Canberra a officiellement annoncé, samedi 27 juin 2026, le doublement de l'amende maximale applicable aux plateformes numériques qui enfreignent la législation interdisant l'accès des réseaux sociaux aux moins de 16 ans. La pénalité maximale pour les violations systématiques passe ainsi de 49,5 à 99 millions de dollars australiens (environ 68 millions de dollars américains). Cette décision s'accompagne d'un renforcement des prérogatives de la eSafety Commission, le régulateur indépendant chargé de faire respecter l'interdiction.

Un constat d'échec partiel

La mesure, entrée en vigueur le 10 décembre 2025, visait à faire de l'Australie un pionnier mondial dans la protection des enfants en ligne. Cependant, les autorités reconnaissent que son application s'avère complexe. Le gouvernement a indiqué que plus de cinq millions de comptes détenus par des utilisateurs de moins de 16 ans ont été bloqués, désactivés ou restreints depuis l'entrée en vigueur de la loi. Malgré ces chiffres, de nombreux mineurs parviennent encore à contourner l'interdiction en utilisant des comptes enregistrés au nom d'adultes, en créant des profils frauduleux ou en accédant aux services via des navigateurs privés.

Le Premier ministre Anthony Albanese a exprimé son mécontentement face à la situation. « Il est clair que les grandes entreprises technologiques n'en font pas assez pour se conformer à la loi. Il y a encore trop d'enfants sur les réseaux sociaux », a-t-il déclaré. Il a ajouté que ces modifications législatives reflètent « le sérieux avec lequel nous considérons toute défaillance des entreprises de réseaux sociaux à se conformer à la loi ».

Des accusations de « stratégies du livre de jeu »

La ministre des Communications, Anika Wells, s'est montrée plus incisive, affirmant que les plateformes « adoptent des astuces directement issues du livre de jeu des grandes technologies et ne font que le strict minimum pour s'en sortir ». Selon elle, les informations qu'elle reçoit régulièrement du régulateur confirment que les efforts des entreprises sont insuffisants. « Les plateformes de réseaux sociaux comptent parmi les entreprises les plus riches et les plus puissantes du monde, et nous sommes déterminés à les tenir pour responsables », a-t-elle souligné.

Pouvoirs renforcés pour le régulateur

Outre le doublement de l'amende, la nouvelle législation accorde à la eSafety Commission des pouvoirs élargis. Le régulateur pourra désormais exiger des plateformes, des entreprises de vérification d'âge et des magasins d'applications qu'ils fournissent des documents et des preuves démontrant les mesures mises en œuvre pour exclure les mineurs. Les plateformes doivent prouver qu'elles ont pris des « mesures raisonnables » pour empêcher l'accès des moins de 16 ans, certaines recourant à l'intelligence artificielle pour estimer l'âge des utilisateurs.
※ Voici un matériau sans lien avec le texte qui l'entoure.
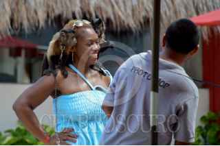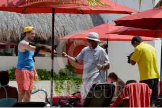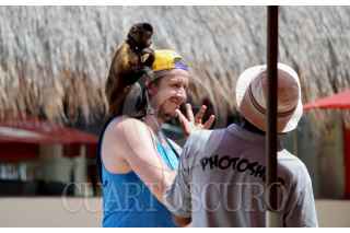 CANCÚN, QUINTANA ROO, 09SEPTIEMBRE2015.- Turistas se toman una foto con un par de monitos en un hotel de Cancún. FOTO: ELIZABETH RUIZ /CUARTOSCURO.COM

Des enquêtes sont en cours concernant cinq plateformes potentiellement en infraction : Facebook, Instagram, Snapchat, TikTok et YouTube.

Un défi d'application mondial

L'Australie est devenue un cas test à l'échelle internationale. Plusieurs pays, dont le Royaume-Uni, l'Indonésie, les Émirats arabes unis et la Nouvelle-Zélande, suivent de près l'expérience australienne et envisagent des restrictions similaires. Le Royaume-Uni a d'ailleurs annoncé en juin 2026 son intention d'introduire une interdiction comparable pour les moins de 16 ans, avec une mise en œuvre prévue pour le printemps 2027.

Cependant, l'efficacité de la mesure australienne est remise en question. Une évaluation par les pairs publiée ce mois-ci dans le British Medical Journal a conclu à l'absence de « preuves suffisantes » d'une réduction significative de l'utilisation des réseaux sociaux chez les jeunes. L'étude, qui a interrogé plus de 400 enfants avant et trois mois après l'entrée en vigueur de l'interdiction, a mis en évidence un « contournement substantiel » des règles.

Le gouvernement australien reconnaît ces difficultés et présente le durcissement des sanctions comme une preuve de sa détermination à « mettre davantage la pression sur les plateformes qui n'en font pas assez ». Le débat sur la balance entre protection de l'enfance et libertés numériques, ainsi que sur la faisabilité technique d'un contrôle d'âge efficace, reste ouvert, tant en Australie qu'à l'étranger.